Zimbabwe Loses $1.5 Billion Annually To Gold Smuggling

report published Tuesday by the International Crisis Group calculates that cash-strapped Zimbabwe is losing at least $1.5 billion a year through the smuggling of gold, mainly to traders in Dubai. The figure is higher than the government's own estimates of $1.2 billion a year lost through the illicit gold trade, according to Bloomberg.

"Estimates suggest that more than $1.5 billion worth of gold leaves Zimbabwe illegally each year, often ending up in Dubai," said the report by the International Crisis Group. Incidentally, the role of Dubai and the UAE in Zimbabwe's gold smuggling operation has grown explosively in the past two years, with the reported difference between Zimbabwe gold exports and UAE gold imports soaring between 2016 and 2018.

Zimbabwe's illicit gold trade is so extensive, the report stated that "some dealers estimate that illegal exports top official deliveries," to the country's formal refinery.

The landlocked southern African country with chronic financial turmoil and endogenous corruption boasts vast gold reserves, with the sector accounting for 60% of Zimbabwean exports. The gold sector provides jobs to nearly 10% of the country's population, according to the report.

Alas, most of the output ends up in the black market, and just last month the head of Zimbabwe's artisanal and small scale mining federation was arrested with six kilos (13 pounds) of gold worth over $360,000 (305,000 euros) in her hand luggage just before boarding a flight to Dubai.

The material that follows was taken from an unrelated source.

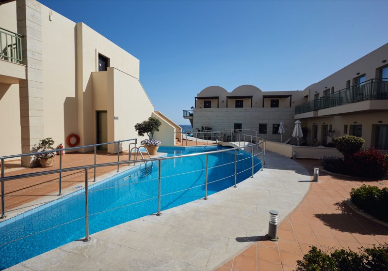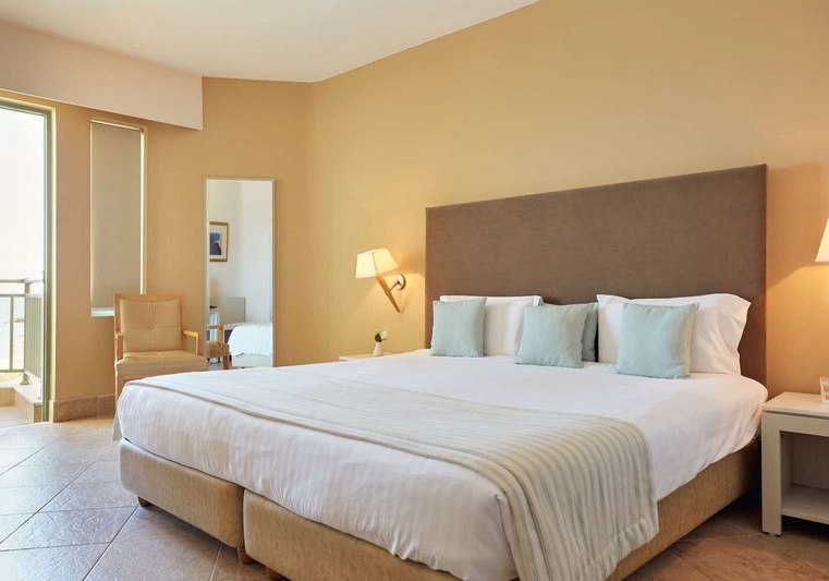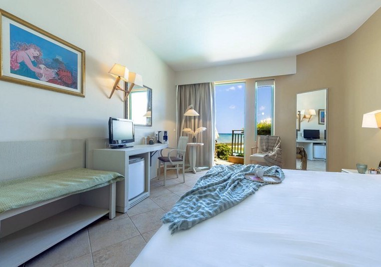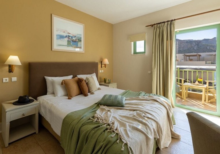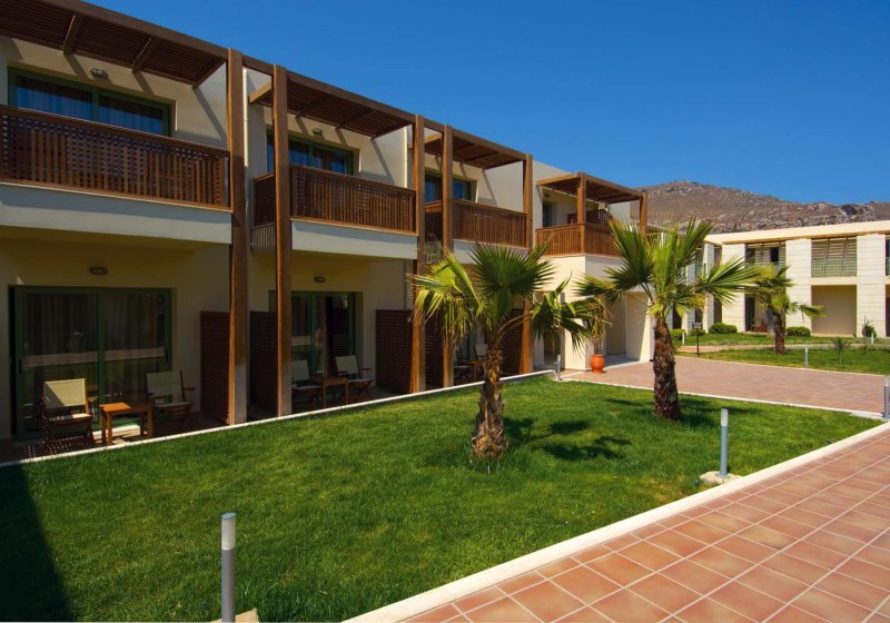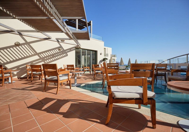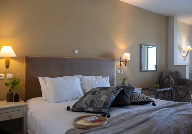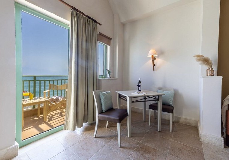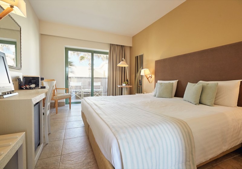 Ihr wohnt in Doppelzimmern, Juniorsuiten oder Suiten – alle mit Klimaanlage, Sat-TV, Marmorbad und Balkon oder Terrasse. Einige Kategorien bieten Meerblick, andere einen Sharing-Pool für den direkten Sprung ins Wasser. Das Design folgt klarer Funktionalität mit soliden Materialien.

"Amid the collapsing economy, an estimated 1.5 million people have turned to artisanal mining as a safety net," said the report, adding poverty and the fallout from the Covid-19 pandemic will likely drive more people towards the sector.

According to official figures, gold production in the first eight months of 2020 rose 10%, driven especially by output from small-scale miners.

It isn't clear how much of that gold ended up in official trade channels and how much was smuggled out of the country illegally. The reason: local miners are unhappy with a payment system which requires them to sell their gold to the state-owned buyer, Fidelity Printers and Refiners.